В отличие от эрудитов, которые придавали своим иконографическим исследованиям описательный характер и видели в классификации всех вариантов той или другой темы главную цель науки, Буслаева не покидало стремление осмыслить и понять образы древней иконографии. Он не удовлетворялся при этом объяснением иконографических образов богословскими текстами, в чем достигли успехов ученые иконографы Запада, вроде Э. Маля и Г. Милле. Буслаев стремился проникнуть в более глубокие слои художественного мировоззрения, раскрыть мифологическое ядро в оболочке средневековой иконографии. В своих исследованиях Буслаев опирался на так называемую мифологическую школу, многое в его выводах было позднее отвергнуто. Но его попытка уловить в фабульной канве русского эпоса пережитки древней религии природы была в то время плодотворной и раскрывала перед исследователем широкие горизонты. Ставя себе такие задачи, Буслаев протягивает нити от средневекового искусства к доисторическому мифологическому творчеству и вместе с тем не забывает его связей с сознанием человека нового времени. Так раздвигались рамки исследования и частные факты превращались из примеров человеческих заблуждений в звенья широко задуманной картины духовного роста человечества. Буслаев не тяготел к философским концепциям в духе гегельянского учения о символической, классической и романтической поэзии. Но закономерность в развитии человечества от мифа к сказке, от религиозного к эстетическому, от символического к реальному не ускользнула от его внимания, и размышления на эту тему проходят красной нитью через его труды.

Работы Буслаева по истории русской художественной культуры имели основоположное значение для русской науки об искусстве. Он зорким взглядом охватил круг тем, который предстояло разрабатывать последующим поколениям.

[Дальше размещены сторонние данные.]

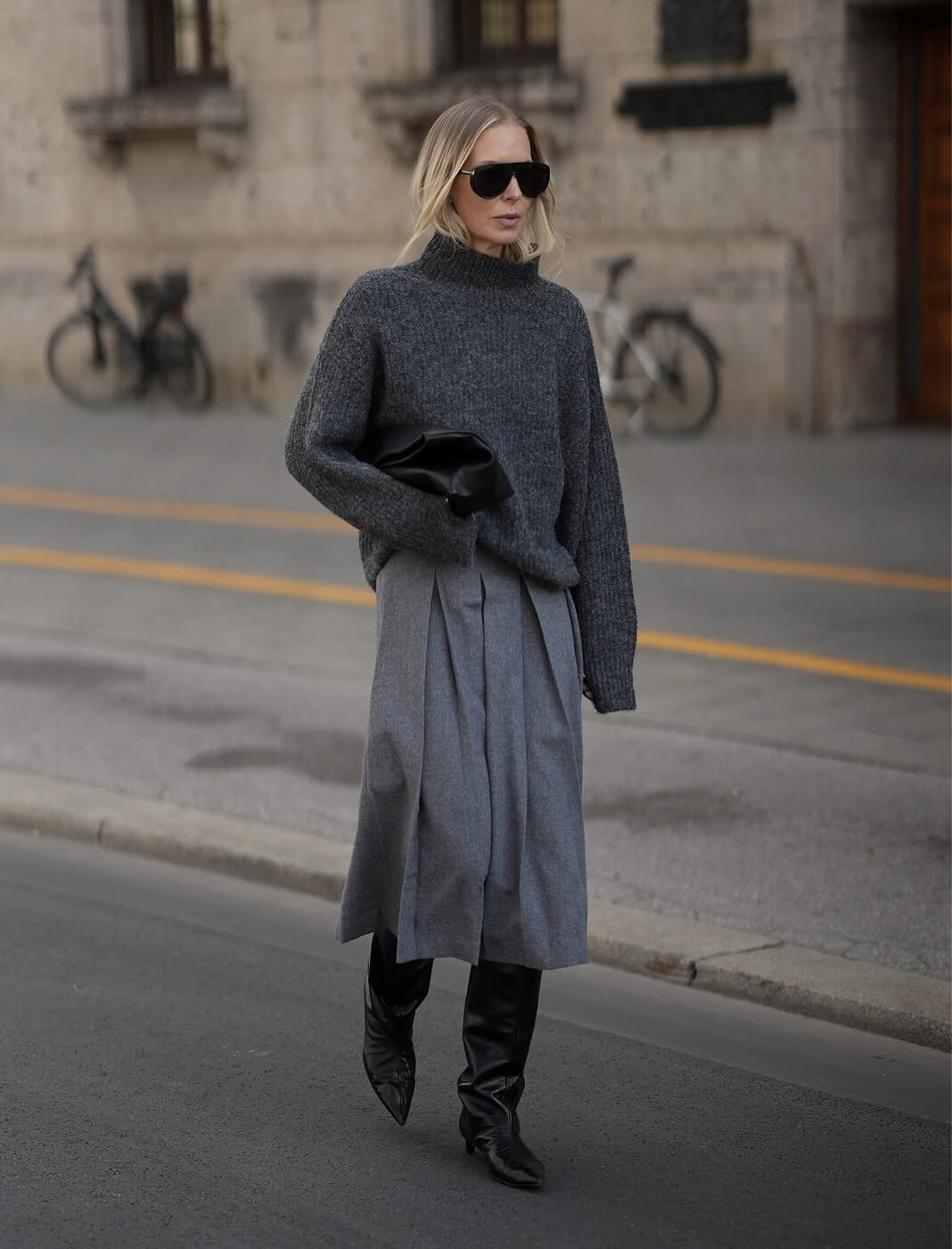 롱부츠와 미디스커트가 필승 조합인 이유는 단순한 무난함이 아닙니다. 둘을 함께 매치해주면 계절감과 우아함의 밸런스가 어느 정도 맞춰진다는 것이 가장 큰 장점이죠. 도톰한 니트, 롱부츠, 미디스커트 이 세 가지를 레이어드 하는 것만으로도 옷차림의 절반은 완성됩니다.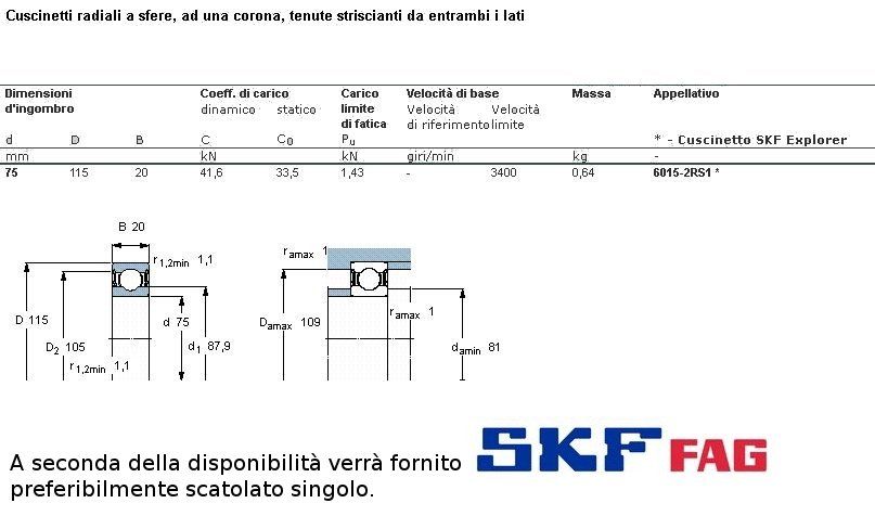 cuscinetto ad un giro di sfere a schermatura stagna (in gomma) a carico radiale.Int. mm.75 - Est. 115mm. - Spessore mm.20 SERIE LEGGERA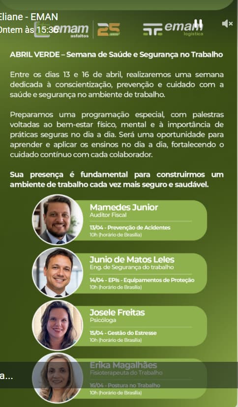 Engenheiro Junio de Matos ministra palestra sobre EPI e EPR na Semana Abril Verde da Eman Asfaltos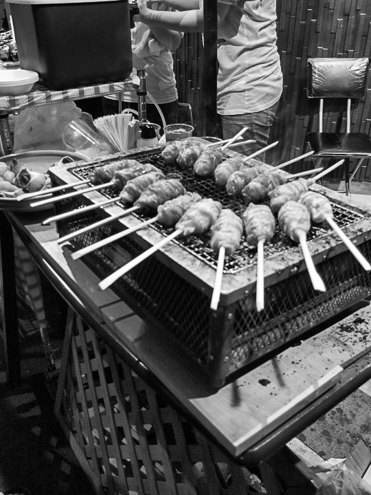 2018年7月30日 日々 肉巻きおにぎり 盆踊りの会場で珍しい食べ物が売られているのを発見。俵型のおにぎりに豚肉の薄切りを巻きつけ、タレとともに炭火で炙ったもの。宮崎県の「ご当地グルメ」だそうです。 suzuki

Занимая выдающееся место в русской науке об искусстве, Буслаев должен быть признан также ученым мирового значения. Этому не противоречит, что написанные на русском языке труды Буслаева до сих пор менее известны на Западе, чем многие работы других русских авторов, вышедшие в переводах. В совершенстве владея методом и знаниями европейской науки середины XIX века, он не стремился идти в ногу с самыми модными в его время течениями и потому не отрекался от симпатий к Я. Гримму, хотя концепции немецкого ученого оспаривались тогда молодым поколением.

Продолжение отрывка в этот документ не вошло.